На свой страх и риск Аладова повышает цену до 20 тысяч, чтобы потом, на ближайшем заседании, убедить членов закупочной комиссии.
“А через пару недель меня вместе с портретами затребовал к себе в Москву тогдашний председатель Комитета по делам искусств Министерства культуры СССР Беспалов. Сначала грозно отчитывал, а когда я совсем сникла, улыбнулся и сказал, что победителей не судят, и поздравил с великолепным приобретением”.

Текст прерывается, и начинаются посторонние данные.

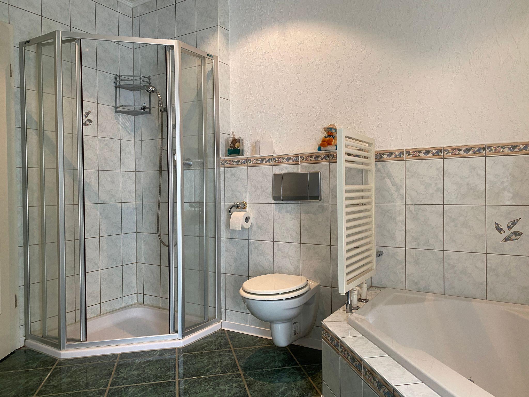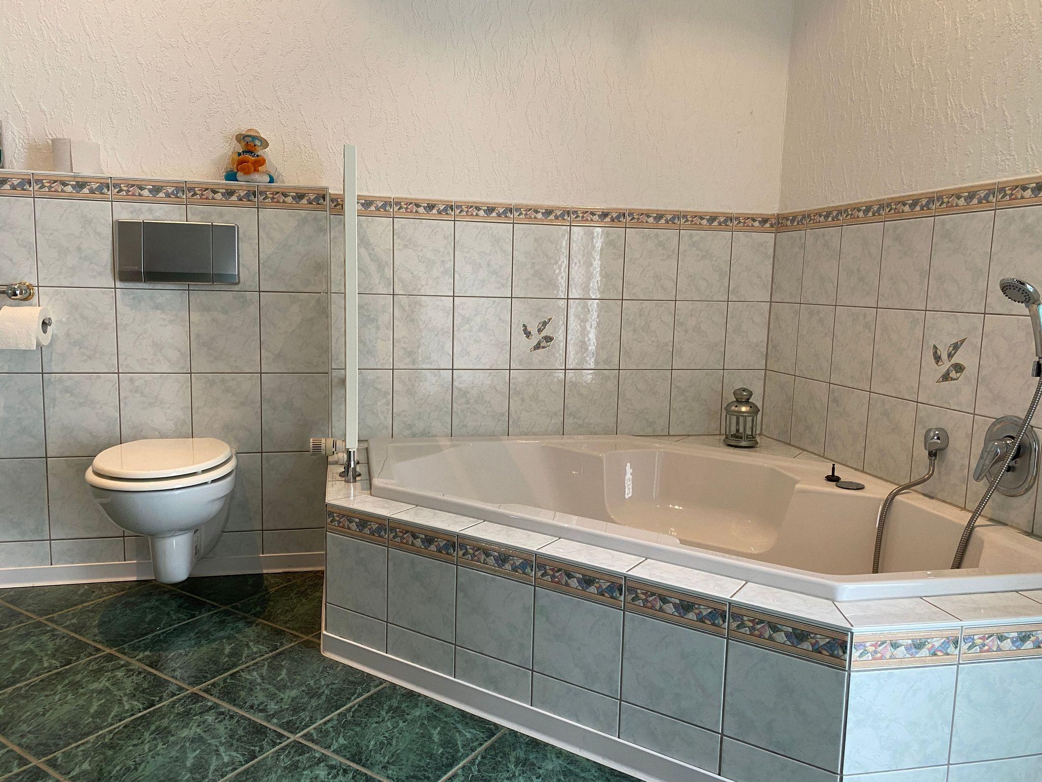 4-Raum-Ferienwohnung im Obergeschoss des Einfamilienhauses mit 3 Schlafzimmern, offener Küche, Wohnbereich mit Couch, TV, Esstisch, Kaminofen. Bad mit Badewanne, Dusche und WC, Balkon. Eine Sitzecke und ein Grill stehen im Garten zur Nutzung bereit. Ihr Gastgeber wohnt im Erdgeschoss des Hauses.

— Она была настоящим барометром времени. Чувствовала время, людей. Отличала настоящее искусство от однодневки, а “модных” художников — от настоящих талантов, — вспоминает Алиса Наркевич. — Аладова спасла для нашей культуры очень многие уникальные произведения искусства. Она организовывала научные экспедиции по обнаружению памятников древнего белорусского искусства, привлекала крупных специалистов — и белорусских, и из Ленинграда, Москвы. Тщательно обследовала заброшенные тогда церкви, костелы, синагоги, приобретала экспонаты у жителей деревень.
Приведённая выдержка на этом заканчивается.